#### Extracted information

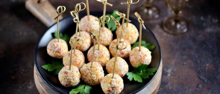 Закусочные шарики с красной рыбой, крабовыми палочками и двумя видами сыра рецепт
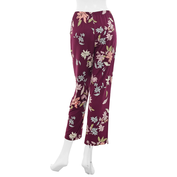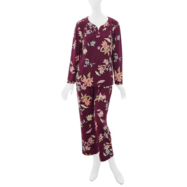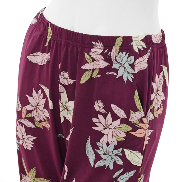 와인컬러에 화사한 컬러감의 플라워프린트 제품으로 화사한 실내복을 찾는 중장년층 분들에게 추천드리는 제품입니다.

########
#### Extracted information

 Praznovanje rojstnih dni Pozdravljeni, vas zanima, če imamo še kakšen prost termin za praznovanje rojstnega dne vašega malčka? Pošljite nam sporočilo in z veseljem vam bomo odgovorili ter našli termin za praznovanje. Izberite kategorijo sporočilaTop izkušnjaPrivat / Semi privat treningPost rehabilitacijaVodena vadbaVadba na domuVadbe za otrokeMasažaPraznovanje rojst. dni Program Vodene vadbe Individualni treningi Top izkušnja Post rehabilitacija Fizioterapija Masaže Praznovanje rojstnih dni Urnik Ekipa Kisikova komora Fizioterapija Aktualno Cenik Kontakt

########

__Required action__
Take the lines above starting at the one containing "Закусочные шарики с" and ending at the one containing "와인컬러에 화사한 컬러감의", and print them again exactly, without pictures.

__Written answer__
 Закусочные шарики с красной рыбой, крабовыми палочками и двумя видами сыра рецепт
 와인컬러에 화사한 컬러감의 플라워프린트 제품으로 화사한 실내복을 찾는 중장년층 분들에게 추천드리는 제품입니다.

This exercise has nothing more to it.